------ Source records ------

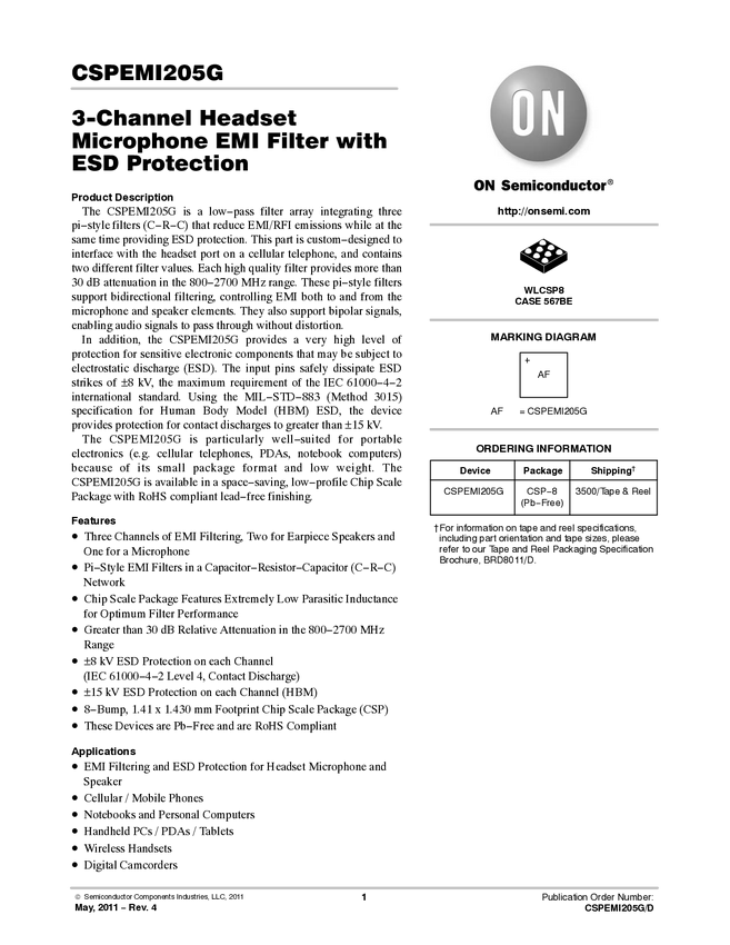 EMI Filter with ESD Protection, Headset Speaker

------
------ Source records ------

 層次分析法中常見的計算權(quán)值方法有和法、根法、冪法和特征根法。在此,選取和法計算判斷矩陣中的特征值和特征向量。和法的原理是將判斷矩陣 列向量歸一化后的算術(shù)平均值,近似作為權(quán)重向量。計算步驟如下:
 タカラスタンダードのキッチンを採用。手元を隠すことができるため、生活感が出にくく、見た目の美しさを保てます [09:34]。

------
------ Source records ------

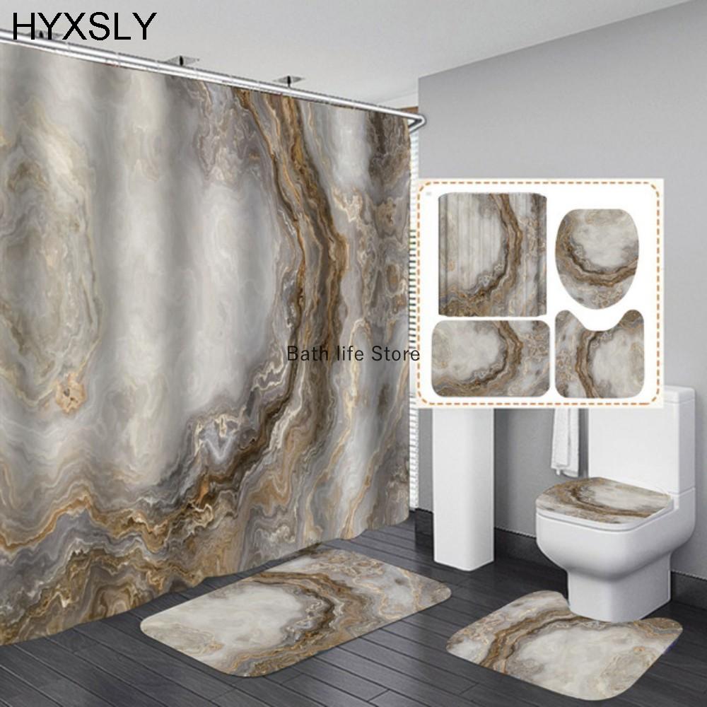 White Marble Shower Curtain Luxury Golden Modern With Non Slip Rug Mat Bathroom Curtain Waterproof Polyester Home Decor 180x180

------

# [Exercise details]
Would you print exactly, and only, the lines of the data above from the line with "層次分析法中常見的計算權(q" through the line with "タカラスタンダードのキッチン", inclusive?

# [Output of the exercise]
 層次分析法中常見的計算權(quán)值方法有和法、根法、冪法和特征根法。在此,選取和法計算判斷矩陣中的特征值和特征向量。和法的原理是將判斷矩陣 列向量歸一化后的算術(shù)平均值,近似作為權(quán)重向量。計算步驟如下:
 タカラスタンダードのキッチンを採用。手元を隠すことができるため、生活感が出にくく、見た目の美しさを保てます [09:34]。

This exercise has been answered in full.